Novatore, scampato per un soffio alla morte, continuò a scrivere numerosi interventi sui giornali anarchici che preferiva e che solitamente lo ospitavano, su quelle pagine rivendicò la passione per l'azione diretta, la centralità che questa doveva avere nella vita di un rivoluzionario rispetto ai vuoti intellettualismi. Novatore si diceva anche scettico nei confronti della tanto incensata rivoluzione bolscevica in Russia, vedendo in quel progetto solo la sostituzione di uno Stato autoritario zarista con uno Stato autoritario comunista, quindi ancora sottomissione e schiavitù per il popolo.
Nel frattempo uno scritto del ribelle di Arcola apparso sull' Iconoclasta! e imbevuto di poetiche visioni, inneggiante ad un individualismo spinto all'estremo, all'amore per l'eccesso, per il peccato, per le prostitute e così via, provocava la dura reazione, sotto forma di intervento sul giornale, dell'anarchico Camillo Berneri che invece privilegiava l'anarcosindacalismo, la sollevazione delle folle armate, il comunismo libertario, la fiducia nelle scienze umanistiche ed una visione molto classica del ruolo della donna e dell'uomo, anche all'interno di un sistema libertario.

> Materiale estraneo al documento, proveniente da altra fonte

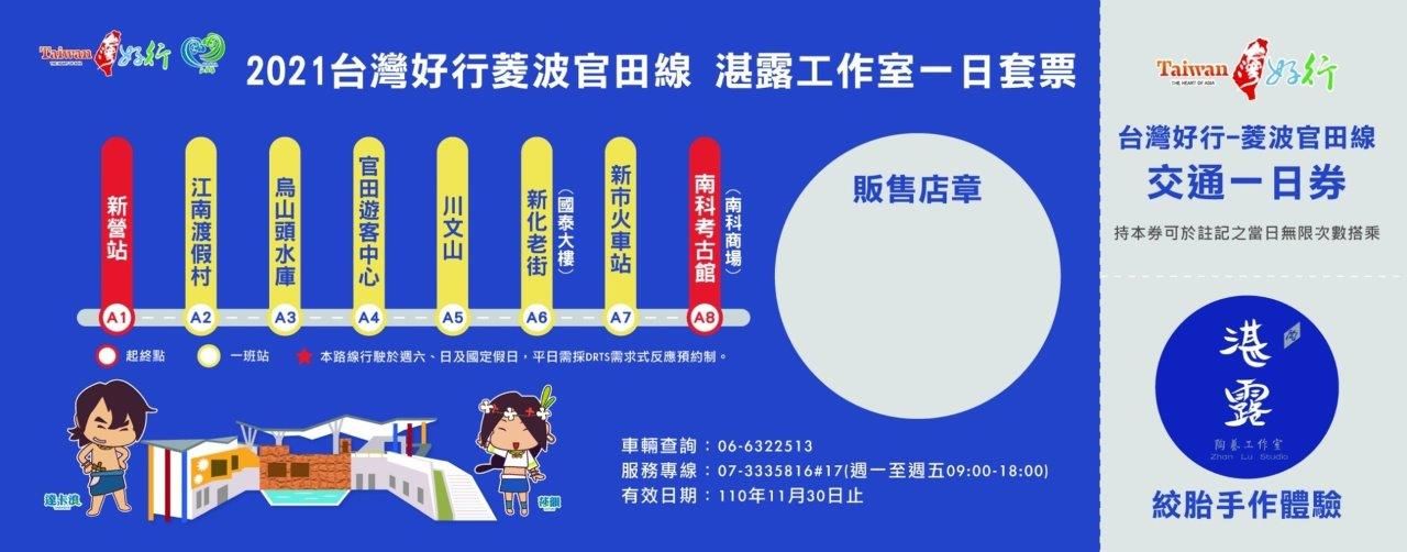 西拉雅管理處處長許主龍表示,此條路線整合沿線的觀光景點,未來將與周邊業者聯合推出各種專屬優惠與套票,業者包含了八田與一紀念園區的蔦町和菓子、知樂堂琴齋、新化老街的湛露工作室、瓜瓜園、1934街役場古蹟餐廳坊等,給予旅客最實際的優惠,鼓勵民眾搭乘公共運輸工具遊玩,除此之外,管理處與官田區公所及公路總局共同建置「菱波官田」多元特色自行車道,也邀請民眾騎乘自行車穿梭在菱波官田自行車道上,享受節能減碳輕旅行。

Ne seguì una piccola querelle che ben presto si inasprì nei toni trasformandosi in sfilza di insulti senza che nessuno riuscisse a prevalere, prima di venir stroncata dallo stesso direttore del giornale.
Nel settembre 1920 il malcontento e la miseria dovuta agli strascichi della Grande Guerra, erano all'apice. Questo sentimento di sfiducia reciproca tra proletariato e ceti medi era inoltre acuito dall'indifferenza e dal malgoverno della classe dirigente italiana. Grande irrequietezza regnava tra i lavoratori industriali che vedevano sempre più sminuito il loro ruolo sociale. I loro diritti, anziché aumentare, rimanevano cristallizzati in una situazione svantaggiata rispetto ai loro colleghi europei. I reduci di guerra erano avviliti dal pugno di mosche col quale il loro grande sforzo era stato ricompensato dal governo. La sinistra riformista e parlamentare temporeggiava invocando leggi e decreti, le parole di rivendicazione riecheggiavano e morivano nell'aria stagnante dell'aula parlamentare.
Il capitalismo in Italia non era riuscito a svilupparsi in un modo forte e intelligente come era stato per Inghilterra e Stati Uniti. Gli industriali e i banchieri statunitensi, in particolare, avevano tratto enormi guadagni dalla guerra riuscendo a sfruttare al meglio la situazione di crisi per lucrare ed azzerare le conquiste sindacali che gli industrial workers avevano guadagnato col sangue negli anni precedenti.
Tra gli imprenditori italiani, invece, prevaleva un atteggiamento egoista e bottegaio, avido di concessioni governative ma sempre pronto a frignare contro le sottane dello Stato alla minima scintilla proletaria.
Davanti all'occupazione di molte fabbriche del Nord Italia, all'istituzione di consigli operai autogestiti, alla formazione di “guardie rosse” armate per il presidio degli scioperi e per combattere la violenza sbirresca, imprenditori ed agrari decisero di trincerarsi dietro un muro di bastoni, coltelli e baionette. La strada verso il fascismo cominciava a spianarsi.
A trent'anni, reduce da un ennesimo arresto per aver partecipato all'assalto ad una polveriera e ad una caserma della regia marina, Novatore si unì subito agli altri anarchici locali impegnati nelle sollevazioni, optando ancora una volta per concedere il suo aiuto alla causa popolare.